Against a team (those bargain basement Mets) whose two biggest paid outfielders are (a) Jason Bay, currently warming the pine in Seattle, and (b) Bobby Bonilla, currently terrorizing your local all you can eat restaurant, having last swung a bat in fatness in 2001. (No, seriously.) Basically, the Mets are David Wright, Ike Davis, and six guys who any reasonable MLB pitcher, working at home, should be very enthused about.

In a nationally televised game on ESPN, in front of a big crowd, for a 2-4 team that is acutely aware that they could be dead by May if April isn't OK... and so far, April has not been OK.

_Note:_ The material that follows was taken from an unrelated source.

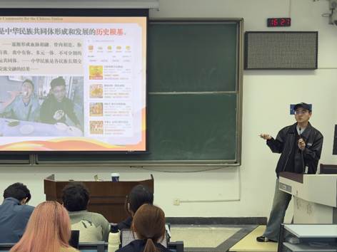 两位少数民族学生用亲身经历和真情实感为这一宏大主题作出了最生动的注脚。来自湖南苗族的刘乙璇同学以家乡的“麻阳龙舟”文化为切入点,深情讲述了这项传统民俗活动如何承载着苗族同胞与各民族交往交流交融的历史记忆,如何在新时代焕发出新的生机活力。来自贵州土家族的陈仁恺雯同学则结合家乡的脱贫攻坚经历,描绘了在国家政策支持下,山区近年来在基础设施建设等方面发生的翻天覆地的变化。

Realistically, the Phillies don't absolutely need Roy Halladay to be Roy Halladay any more; they have Cole Hamels and Cliff Lee, after all, which could mean that they only need him to be a very good #3 SP, rather than a defining ace. But the more realistic point is that the three aces are where the money is, and if Halladay doesn't give them an exceptional advantage over what the other side runs out there, this team isn't going anywhere. Especially with guys like Jordan Zimmerman and Tim Hudson taking the ball for the division rivals, being just a guy isn't enough.

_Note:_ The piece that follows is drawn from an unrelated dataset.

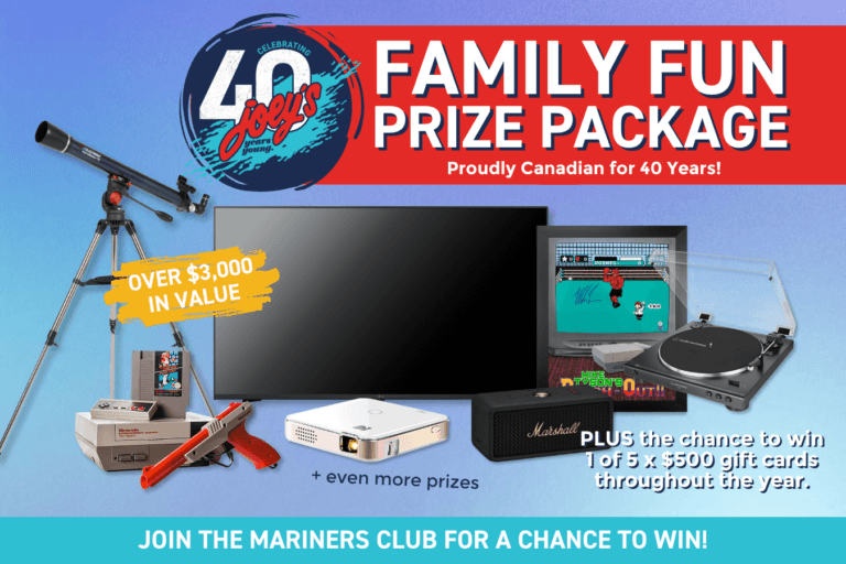 You’ll also be entered to win 1 of 5 x $500 Gift cards and receive the latest happenings and deals from your local Joey’s Restaurants.

This just in: Halladay isn't even just a guy right now. After two starts, his ERA is 14.73, and his WHIP is 2.25. He can't locate his pitches in the zone, he can't dial up real velocity, and while he's clearly missing his usual catcher (Carlos Ruiz, about a month away from clearing out his substance abuse suspension), there's nothing to pass those numbers or this eye test.

I'm not a doctor, but he looks physically OK to me. He just also looks like a mess structurally, and like a guy who needs to take a year off or somehow dial back the odometer at least 500 innings. Last year, he threw out a 4.49 ERA and 1.22 WHIP; right now, the Phillies have to be wondering if they are even going to get that. And there's no getting past the eye test: if his pitches had came from a guy that the Phillies aren't invested in, or from someone without 199 career wins of credit built up, there's be no reason to keep him in the rotation. If his velocity, control and presence had a Kyle Kendrick name on the back of the jersey, Philly Fan would be more than justified in letting loose the boos.

I caught most of the ex-ace's innings tonight on the treadmill tonight, and they reminded me a lot of what he did last year – which is to say, a guy who no longer has the stuff or the control that he needs to, well, be anything less than fungible. He tries to throw heat without heat, paint corners when he doesn't have control, and scowls at the umpire like he was still someone who deserved marginal calls.

Because he's Roy Halladay, he's going to get 2-3 months to figure it out; by then, the Phillies might be out of the race. Assuming, of course, that they don't just invent an injury to get him rehab starts with honor in the minors.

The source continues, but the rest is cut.